Some in the audience laugh. But some clearly experience what Halper, a Laughing Liberally co-founder, calls the “PEP Phenomenon,” or Progressive Except on Palestine.
Dean Obeidallah, a boyish-looking Palestinian Italian comic, sees Laughing Liberally as part of a rich American tradition in which performers such as Richard Pryor and Lenny Bruce were able to raise sensitive issues such as race and sex.
Obeidallah is also the co-creator of Comedy Central’s Internet series “The Watch List,” which features a cast of Middle Eastern American comedians. Dressed in jeans, sneakers and a hipster-pink plaid shirt, he’s an angsty Arab Chris Rock.

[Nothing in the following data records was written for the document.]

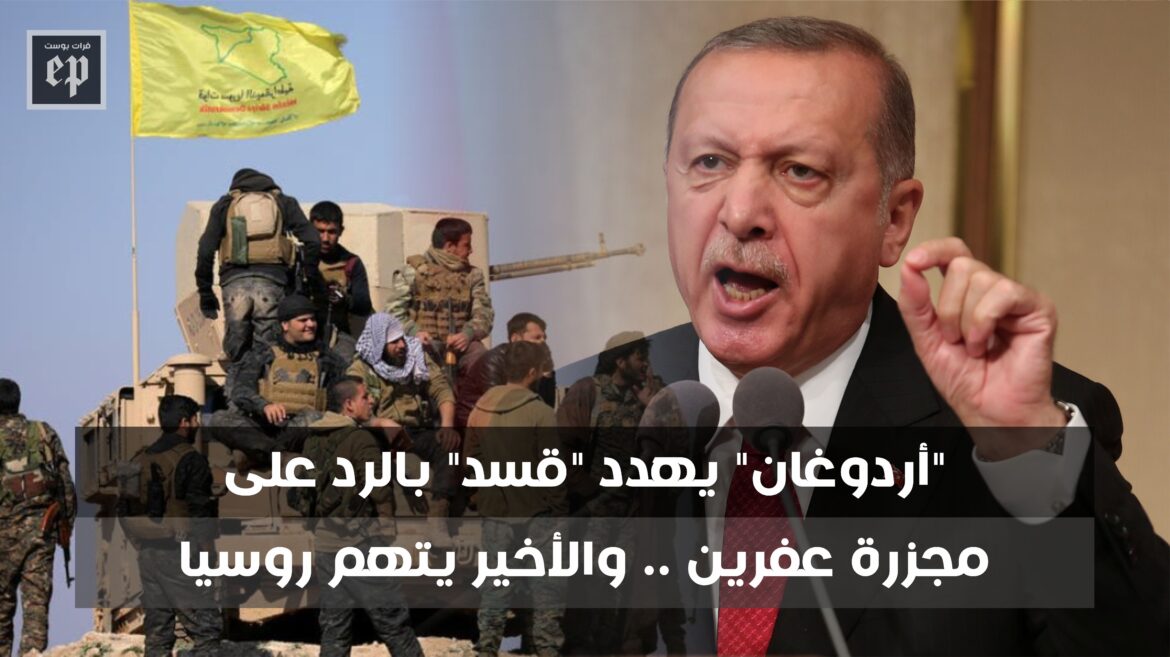 وفي سياق متصل، اتهم “مظلوم عبدي” قائد “قسد” روسيا بارتكاب المجزرة التي وقعت في مدينة “عفرين” بريف حلب الشمالي.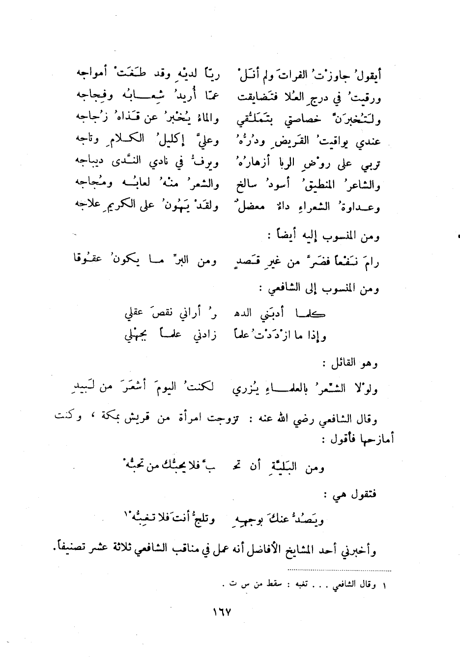 ويصد عنك بوجهه ... وتلج أنت فلا تغبه (1) وأخبرني أحد المشايخ الأفاضل أنه عمل في مناقب الشافعي ثلاثة عشر تصنيفا.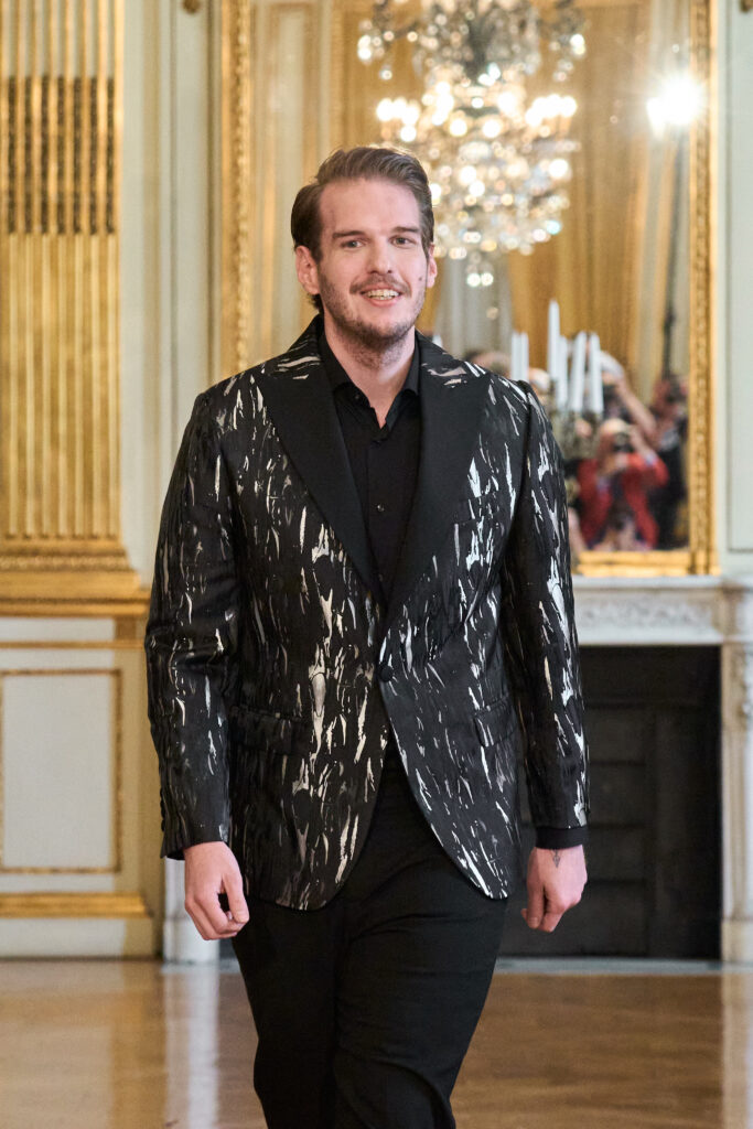 Grâce à des broderies particulièrement élaborées, de couleurs somptueuses et de tissus à la fois solides et fluides, le créateur a cherché à matérialiser la symbolique de la légende de l’Oiseau de Feu.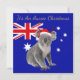 "It's an Aussie Christmas" text. An Australian Koala with the Australian flag in the background.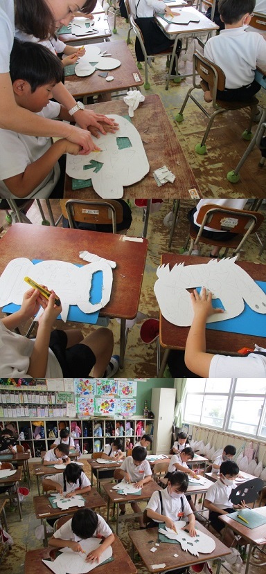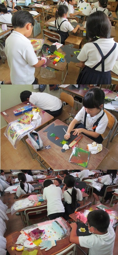 7月12日(水)2年生が図画工作科の時間に、「ひかりのプレゼント」の制作に取り組んでいました。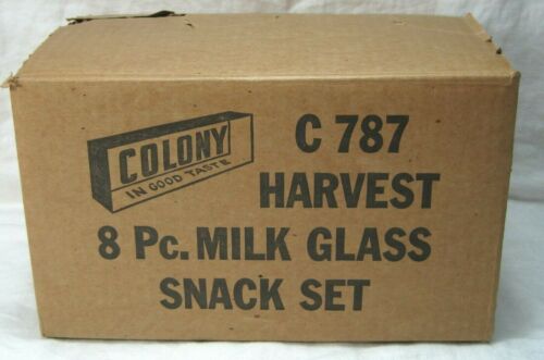 8 pc. vintage NIB OS Colony Harvest grape white milk glass SNACK SET

“One of the benefits of having a Muslim name in the U.S. is that you are immune to identity theft,” Obeidallah tells the audience. “I have an Arab American friend whose first name is Osama — he can leave his driver’s license and credit cards in a crack house and no one will pretend to be him.”
Many of the evening’s laughs are uneasy, but a central premise soon emerges: When in doubt, make fun of the tea party.
Comic Jamie Jackson flutters onstage in drag — faux Chanel suit, mousy brown bouffant wig — as Lady Margo Barnesly Farnsworth, a visiting Brit struggling to understand tea party politics.
A friend patiently explains to her that guns don’t actually kill people, and she launches into a bring-down-the-house ditty called “Guns Don’t Kill People. People Kill People.”
“It’s wonderful logic, isn’t it?” Lady Farnsworth croons. “So, let’s keep going.” And the audience claps and sings along.